GIVEN ENTRIES below:
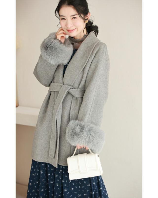 w61636ps 新作 新着 再入荷 CAWAII FRENCHPAVE フレンチパヴェ エレガント ベーシック カジュアル 可愛い かわいい カワイイ おしゃれ オシャレ お洒落 個性 個性的 定番 ベーシック 大人かわいい 大人可愛い 上品 女性らしい デザイン スタンダード ナチュラル きれいめ キレイめ シンプル フェミニン レディース レディースファッション 大人 ママ ミセス 30代 40代 50代 60代 取り外しできる ファー袖 ウールライク コート ベルト付き 羽織り アウター 華やか ウエストマーク S M L XL 2L ワンサイズ フリー 小さめ 小さい 低身長 痩せ ほっそり 小柄 細身 標準サイズ 大きめシルエット 大きい ビッグシルエット ゆったり F サイズ自由 厚手 あったかい あたたかい 暖かい ぬくい 春 秋 冬 秋服 秋物 冬服 冬物 グレー 灰色 ブラック 黒色 普段着 日常使い ヘビロテ 毎日着れる デイリー使い 仕事 会社 通勤 おでかけ 旅行 高級感 防寒対策 大人女子 パーティー
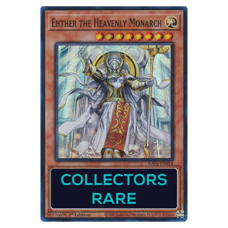 Ehther the Heavenly Monarch is a Collector's Rare, Effect Monster from the Yugioh set Quarter Century Stampede (RA04-EN018-CR)
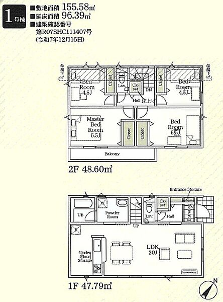 1号棟 間取り 4LDK 価格 6290万円 建物面積 96.39m2 土地面積 155.58m2 -
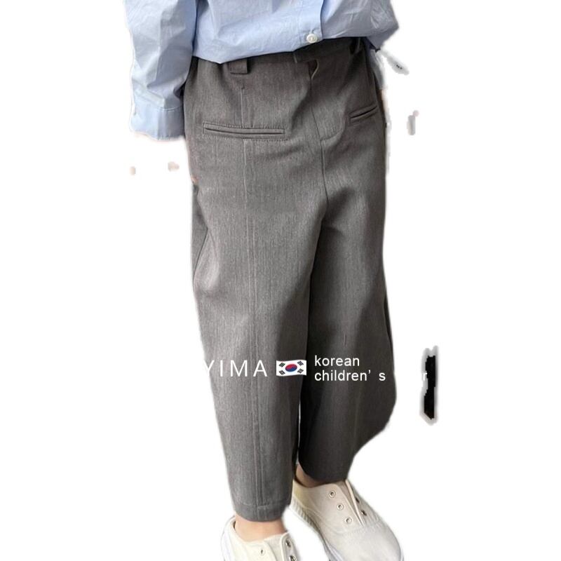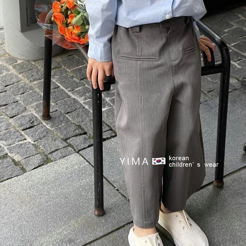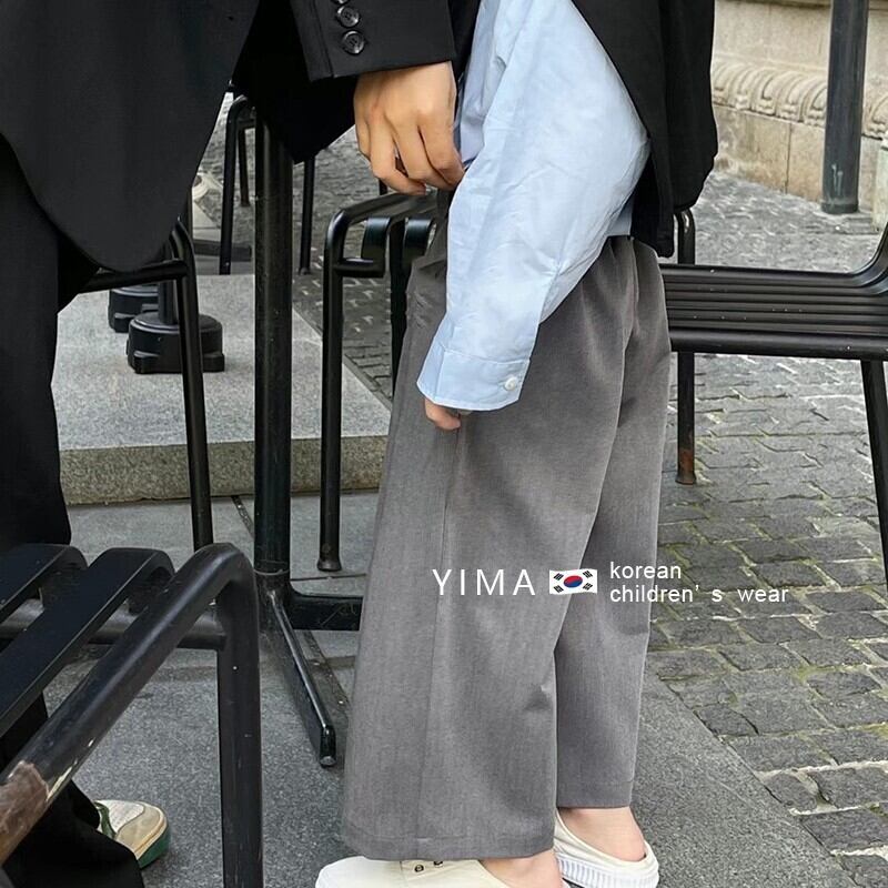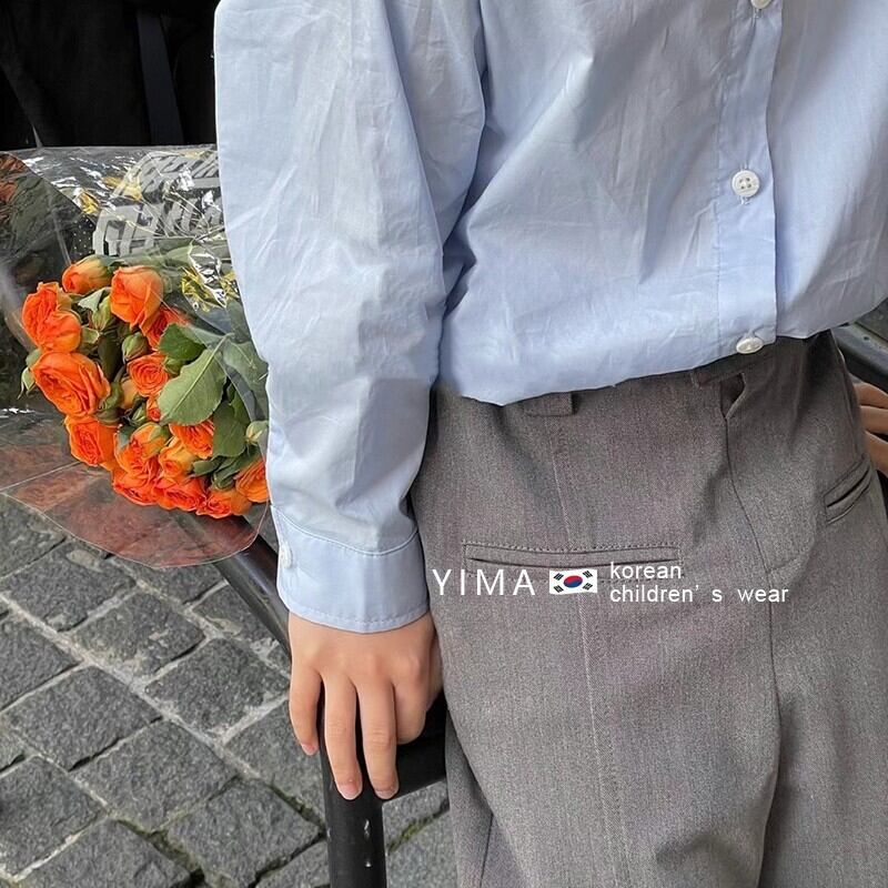 色:グレーのワイドレッグパンツ,スカイブルーのシャツ
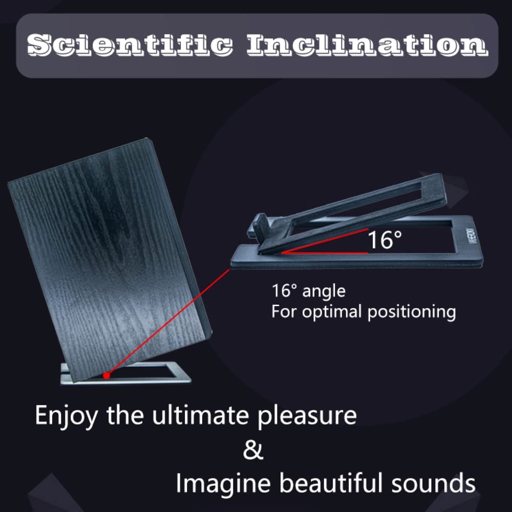 Q: What is the angle of the VKheroKV C-1 Desktop Speaker Stands?A: The VKheroKV C-1 Desktop Speaker Stands feature a 16° angle, allowing you to tilt your speakers toward your ears for an optimal listening experience and enhanced clarity of higher frequencies.
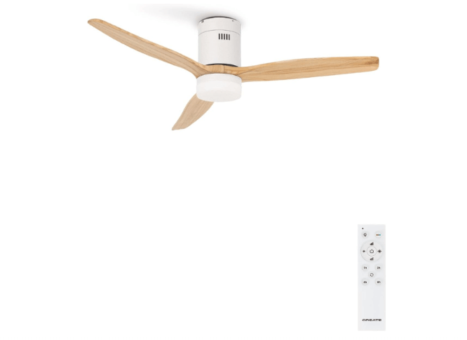Una marca de confianza y garantía de buena relación calidad/precio es Create. En su catálogo cuenta con varios ventiladores de techo, pero el WindCalm sería nuestra opción elegida. Su funcionamiento es silencioso y eficiente gracias al motor DC que incorpora. Es un motor de cobre que garantiza alta eficiencia energética y nos ofrece seis velocidades.
End of GIVEN ENTRIES.
Images are to be omitted; repeat the remaining data above exactly.

 w61636ps 新作 新着 再入荷 CAWAII FRENCHPAVE フレンチパヴェ エレガント ベーシック カジュアル 可愛い かわいい カワイイ おしゃれ オシャレ お洒落 個性 個性的 定番 ベーシック 大人かわいい 大人可愛い 上品 女性らしい デザイン スタンダード ナチュラル きれいめ キレイめ シンプル フェミニン レディース レディースファッション 大人 ママ ミセス 30代 40代 50代 60代 取り外しできる ファー袖 ウールライク コート ベルト付き 羽織り アウター 華やか ウエストマーク S M L XL 2L ワンサイズ フリー 小さめ 小さい 低身長 痩せ ほっそり 小柄 細身 標準サイズ 大きめシルエット 大きい ビッグシルエット ゆったり F サイズ自由 厚手 あったかい あたたかい 暖かい ぬくい 春 秋 冬 秋服 秋物 冬服 冬物 グレー 灰色 ブラック 黒色 普段着 日常使い ヘビロテ 毎日着れる デイリー使い 仕事 会社 通勤 おでかけ 旅行 高級感 防寒対策 大人女子 パーティー
 Ehther the Heavenly Monarch is a Collector's Rare, Effect Monster from the Yugioh set Quarter Century Stampede (RA04-EN018-CR)
 1号棟 間取り 4LDK 価格 6290万円 建物面積 96.39m2 土地面積 155.58m2 -
 色:グレーのワイドレッグパンツ,スカイブルーのシャツ
 Q: What is the angle of the VKheroKV C-1 Desktop Speaker Stands?A: The VKheroKV C-1 Desktop Speaker Stands feature a 16° angle, allowing you to tilt your speakers toward your ears for an optimal listening experience and enhanced clarity of higher frequencies.
Una marca de confianza y garantía de buena relación calidad/precio es Create. En su catálogo cuenta con varios ventiladores de techo, pero el WindCalm sería nuestra opción elegida. Su funcionamiento es silencioso y eficiente gracias al motor DC que incorpora. Es un motor de cobre que garantiza alta eficiencia energética y nos ofrece seis velocidades.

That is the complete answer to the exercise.